### WHAT THE TASK REQUIRES
Reproduce only the lines below from the line containing "A heart-heavy handshake" to the line containing "Mittels einer neben", exactly as written, with both end lines kept. Omit the pictures.
#### DATA EXCERPTS
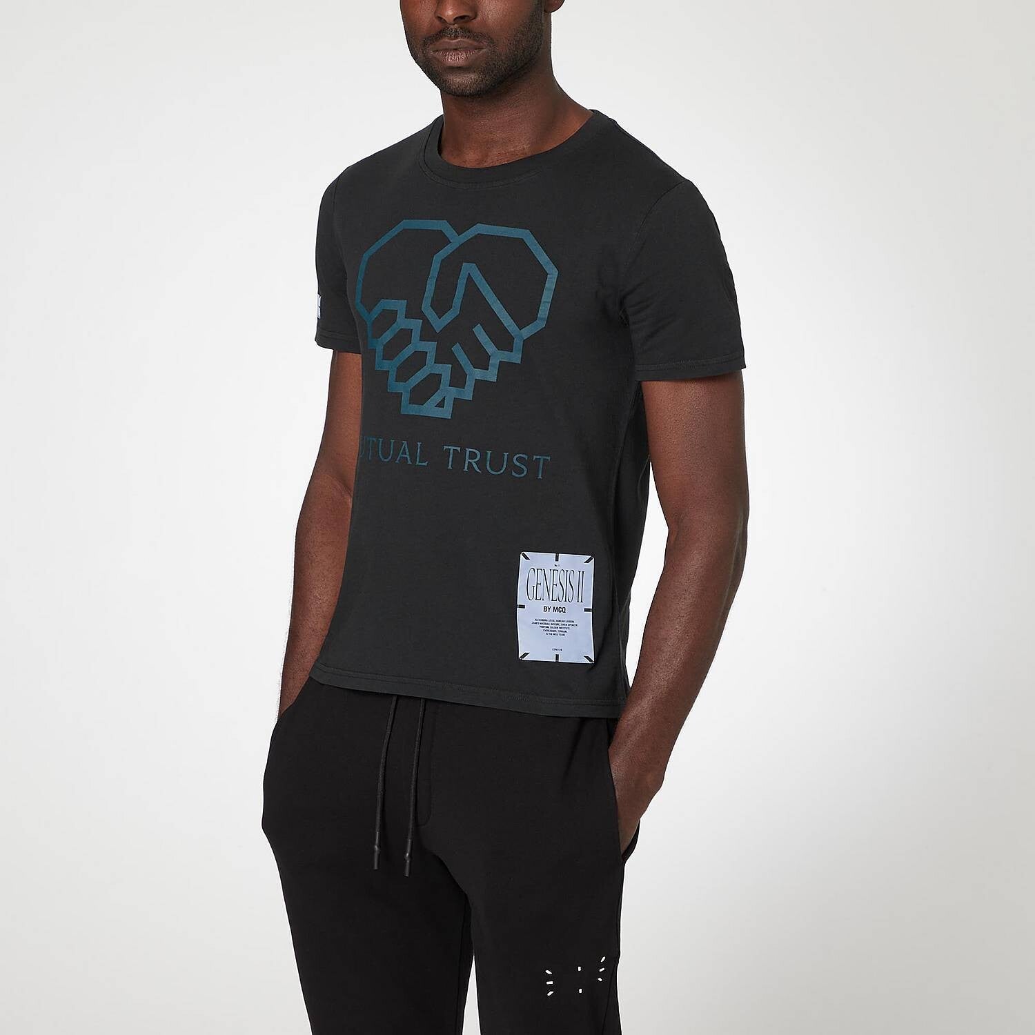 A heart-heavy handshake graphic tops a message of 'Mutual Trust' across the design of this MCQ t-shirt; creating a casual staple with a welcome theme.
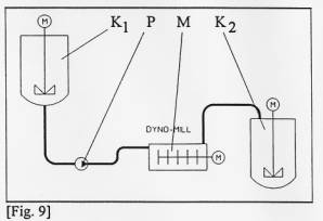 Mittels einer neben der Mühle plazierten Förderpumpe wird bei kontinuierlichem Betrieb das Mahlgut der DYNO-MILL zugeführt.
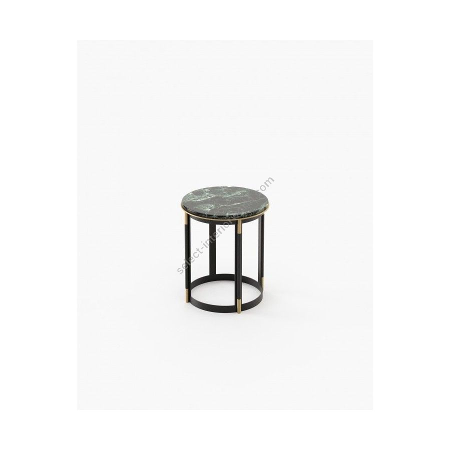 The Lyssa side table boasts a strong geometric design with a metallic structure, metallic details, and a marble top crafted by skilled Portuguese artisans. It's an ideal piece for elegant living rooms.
########
#### DATA EXCERPTS
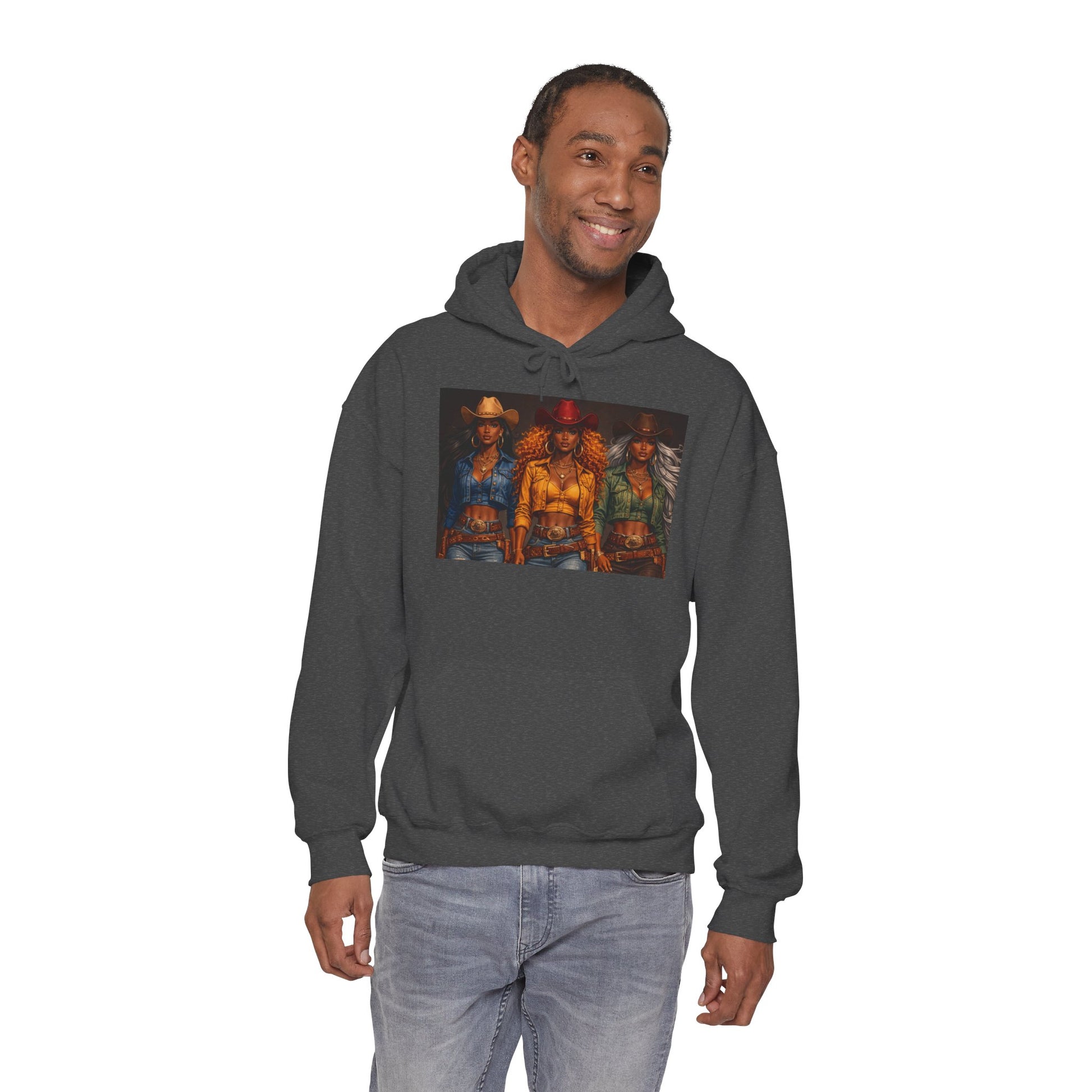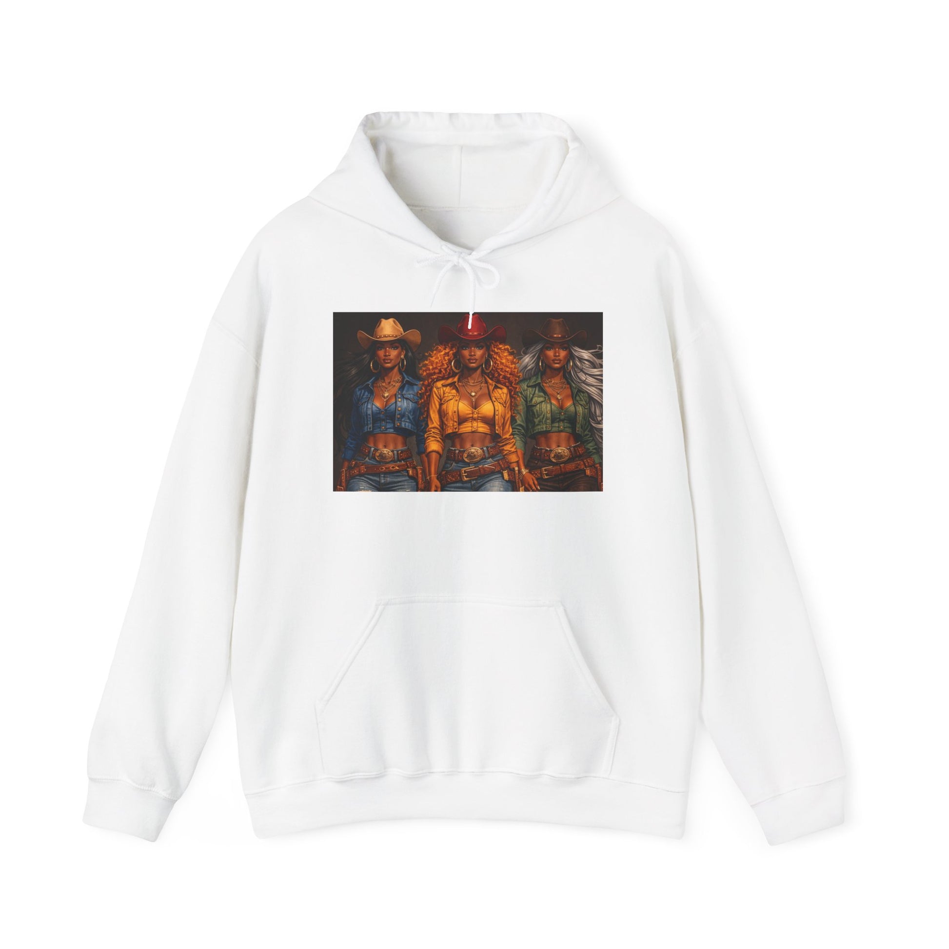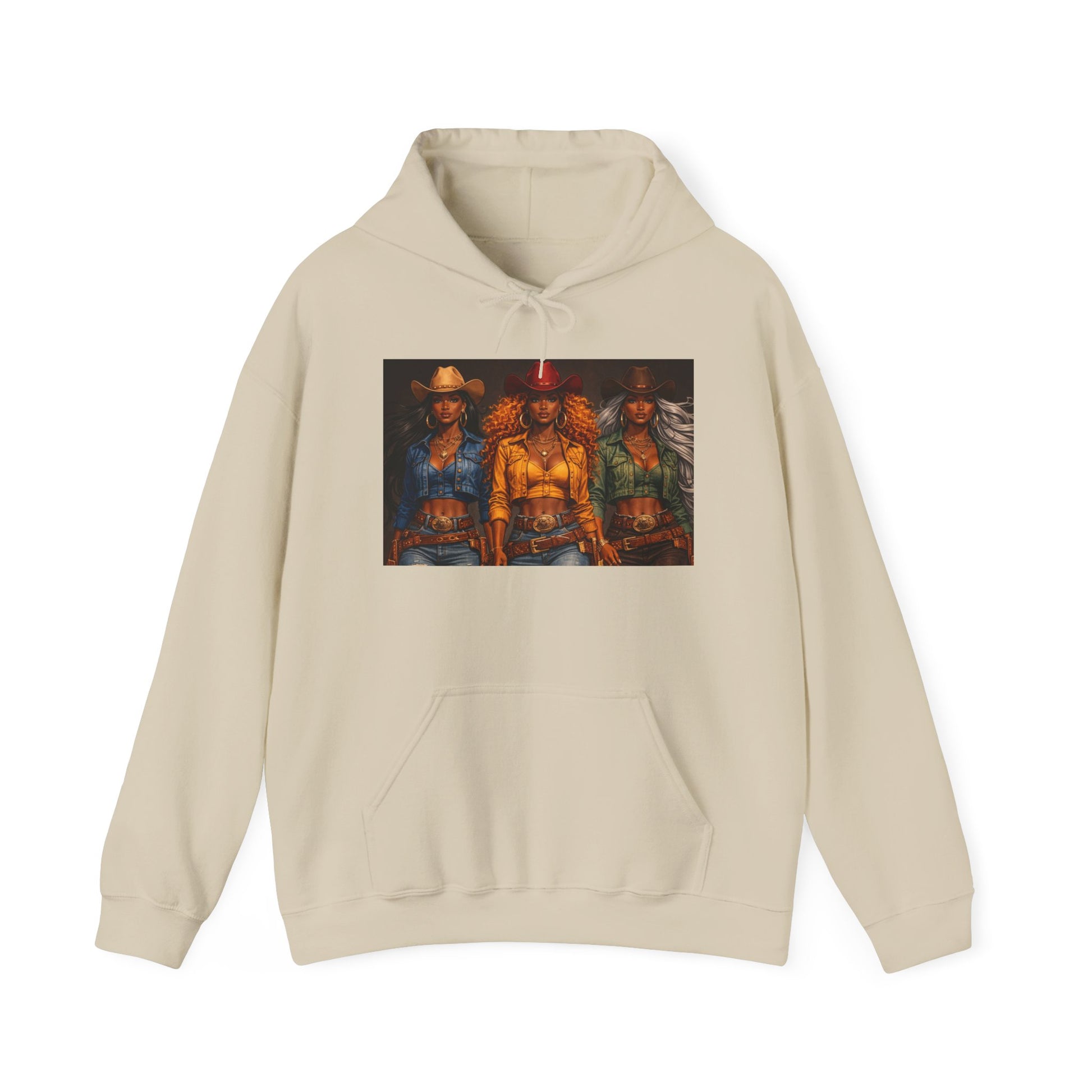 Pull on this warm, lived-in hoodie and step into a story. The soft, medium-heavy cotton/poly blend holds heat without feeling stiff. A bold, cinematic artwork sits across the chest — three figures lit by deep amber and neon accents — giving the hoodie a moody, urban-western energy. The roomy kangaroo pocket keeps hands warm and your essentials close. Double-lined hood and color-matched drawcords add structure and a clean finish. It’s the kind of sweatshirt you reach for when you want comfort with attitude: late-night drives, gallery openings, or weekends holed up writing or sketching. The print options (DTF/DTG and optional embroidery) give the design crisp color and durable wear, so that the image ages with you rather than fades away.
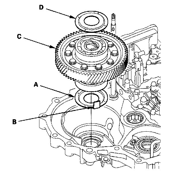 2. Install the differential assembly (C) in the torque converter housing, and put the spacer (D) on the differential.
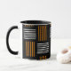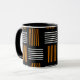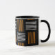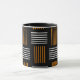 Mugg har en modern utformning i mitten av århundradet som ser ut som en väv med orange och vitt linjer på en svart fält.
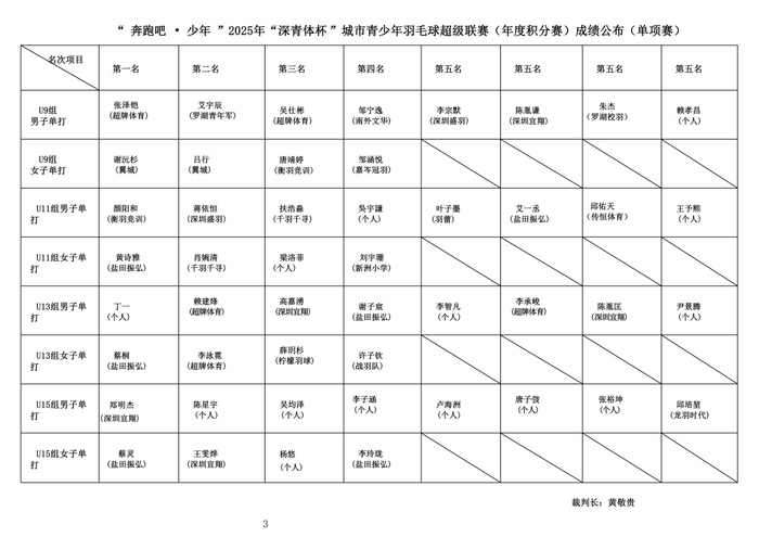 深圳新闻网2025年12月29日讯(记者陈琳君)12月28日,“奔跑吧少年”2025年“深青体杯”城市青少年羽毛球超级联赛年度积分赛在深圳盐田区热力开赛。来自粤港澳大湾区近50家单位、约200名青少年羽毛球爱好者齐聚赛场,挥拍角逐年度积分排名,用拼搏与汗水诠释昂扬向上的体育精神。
########
### RESPONSE
 A heart-heavy handshake graphic tops a message of 'Mutual Trust' across the design of this MCQ t-shirt; creating a casual staple with a welcome theme.
 Mittels einer neben der Mühle plazierten Förderpumpe wird bei kontinuierlichem Betrieb das Mahlgut der DYNO-MILL zugeführt.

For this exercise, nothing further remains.